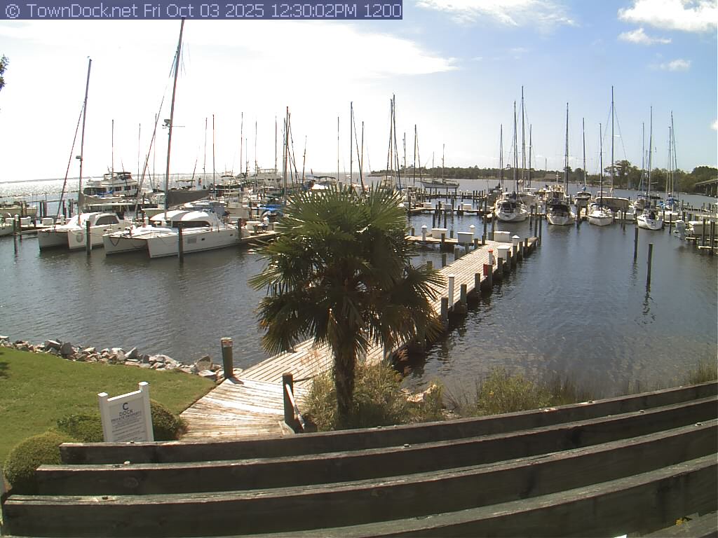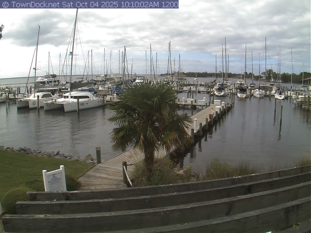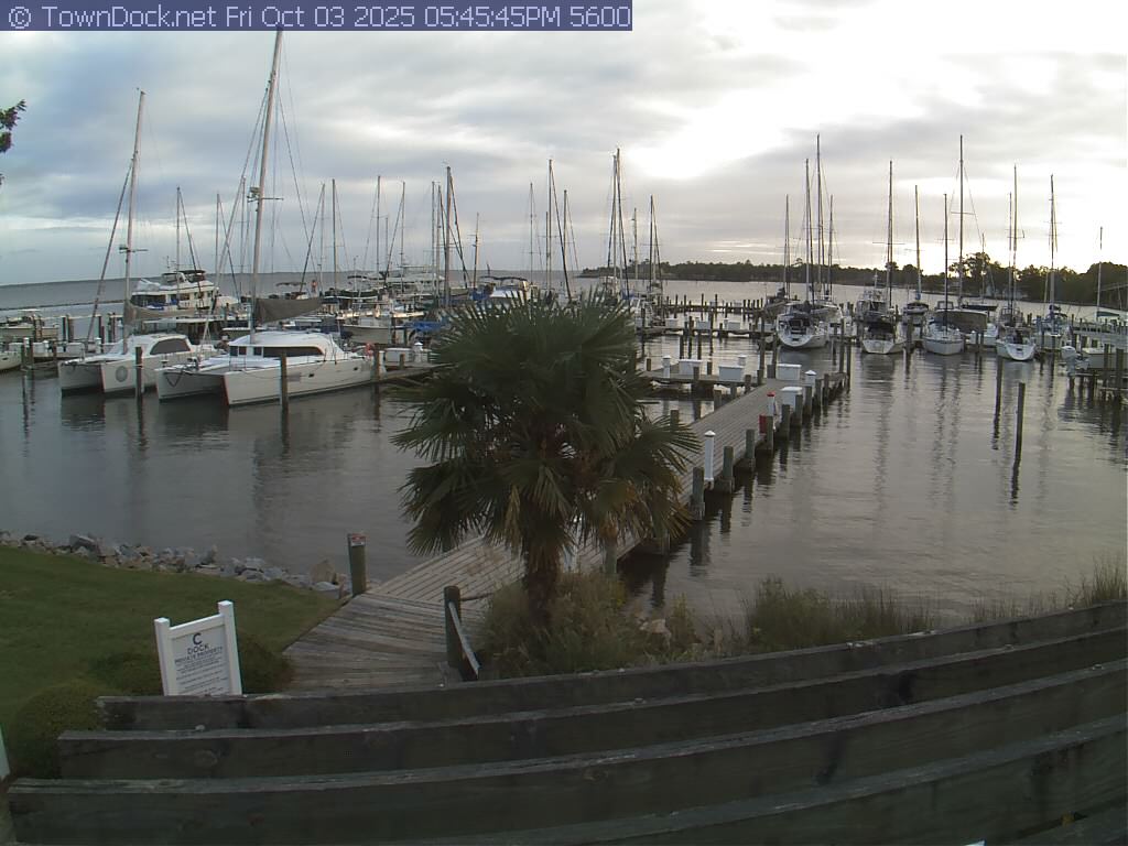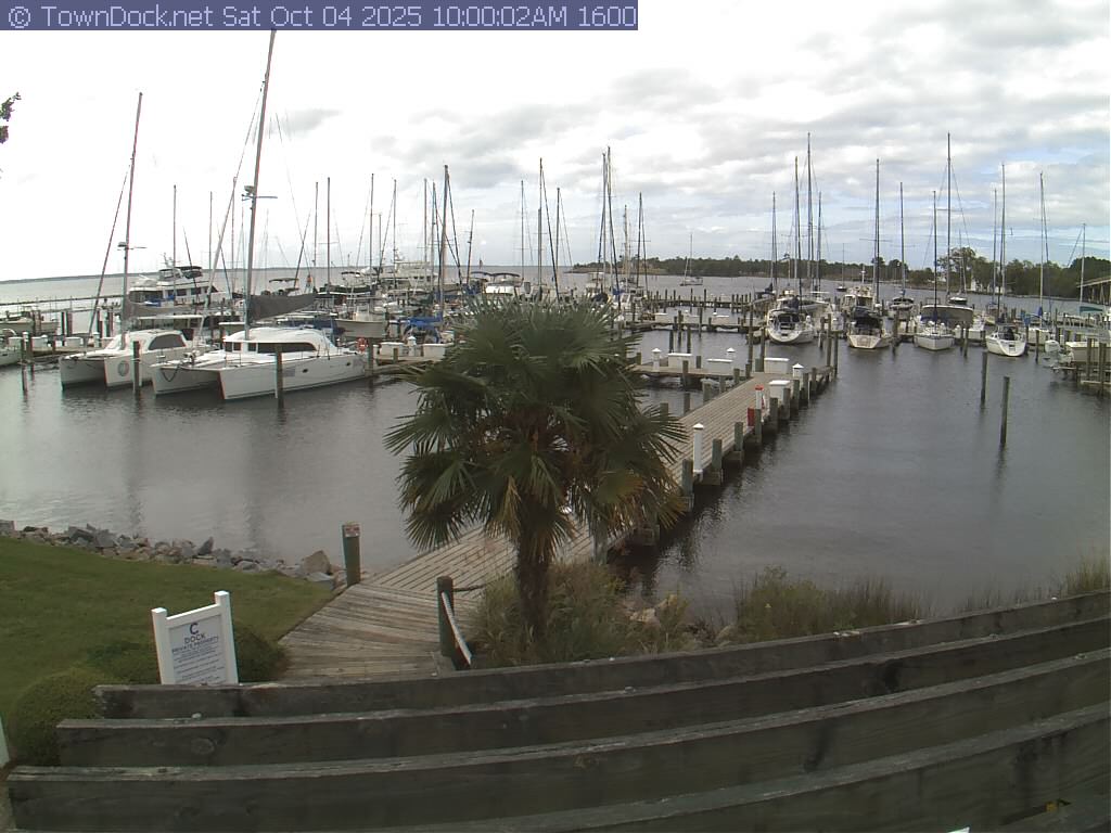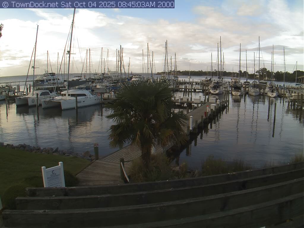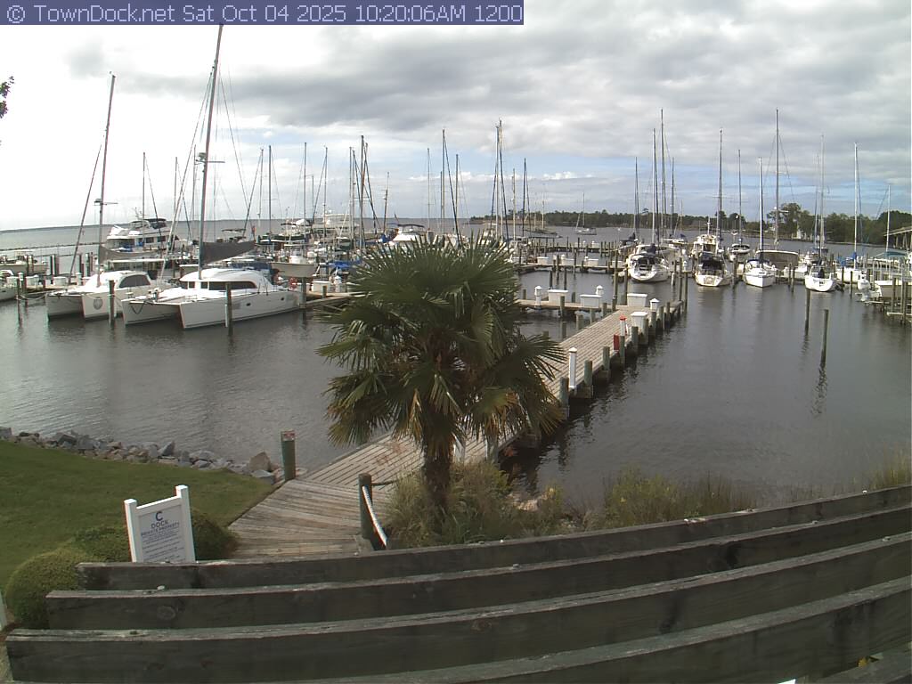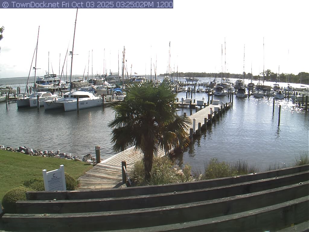 shows Oriental Harbor Village Marina, with the Oriental anchorage & Neuse River in the background. OHVM Cam takes a new picture every five minutes from dawn til just before dusk. Click on the image to see a larger version. Once you see that larger version, you can click (see arrow at right) to go back in time and see recent photos. Harbor Cam currently takes photos from 6:40am to 6:30pm.
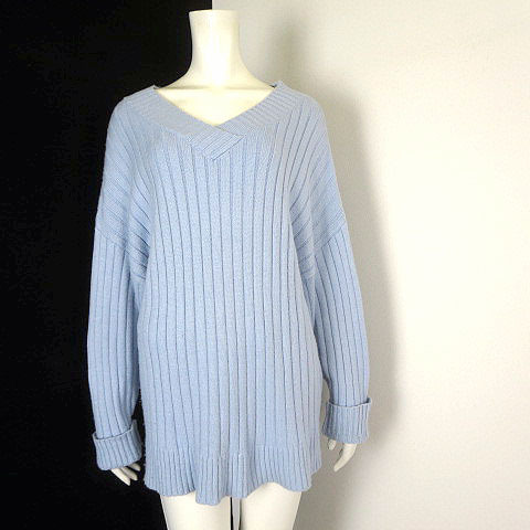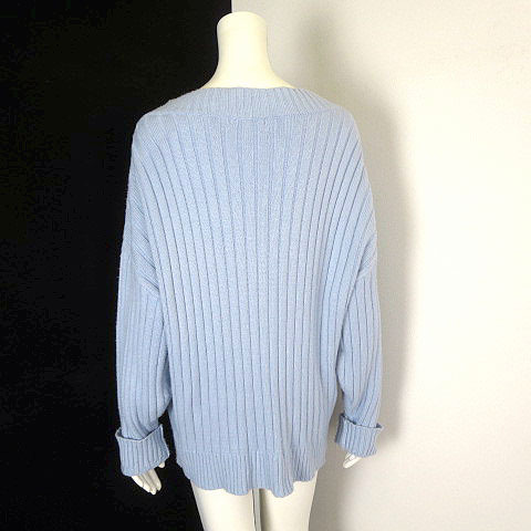 ジーナシス JEANASIS ニット セーター オーバーサイズ Vネック ドロップショルダー 長袖 F ライトブルー 水色 レディース
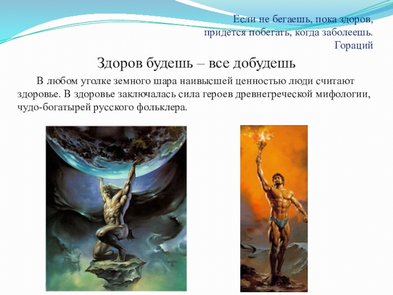 В любом уголке земного шара наивысшей ценностью люди считают здоровье. В здоровье заключалась сила героев древнегреческой мифологии, чудо-богатырей русского фольклера.
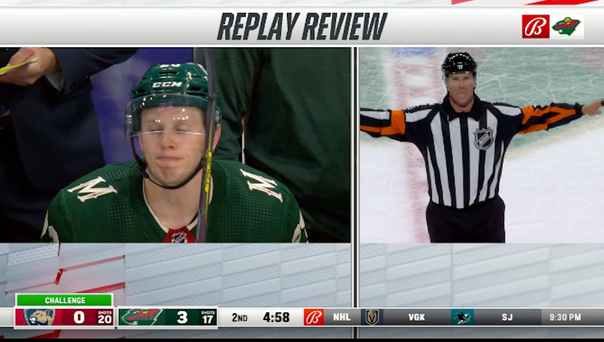 3 /4 Der Wild-Angreifer ist Zentimeter zu früh im Angriffsdrittel, dann kommt erst der Puck nach. Wegen Abseits zählt das spätere Traumtor von Rossi nicht.

### PROBLEM REQUIREMENTS
Reproduce word for word only the lines between the line containing "ジーナシス JEANASIS ニット" and the end of the listing above, both included, and drop any pictures.

### REPLY TO THE EXERCISE
 ジーナシス JEANASIS ニット セーター オーバーサイズ Vネック ドロップショルダー 長袖 F ライトブルー 水色 レディース
 В любом уголке земного шара наивысшей ценностью люди считают здоровье. В здоровье заключалась сила героев древнегреческой мифологии, чудо-богатырей русского фольклера.
 3 /4 Der Wild-Angreifer ist Zentimeter zu früh im Angriffsdrittel, dann kommt erst der Puck nach. Wegen Abseits zählt das spätere Traumtor von Rossi nicht.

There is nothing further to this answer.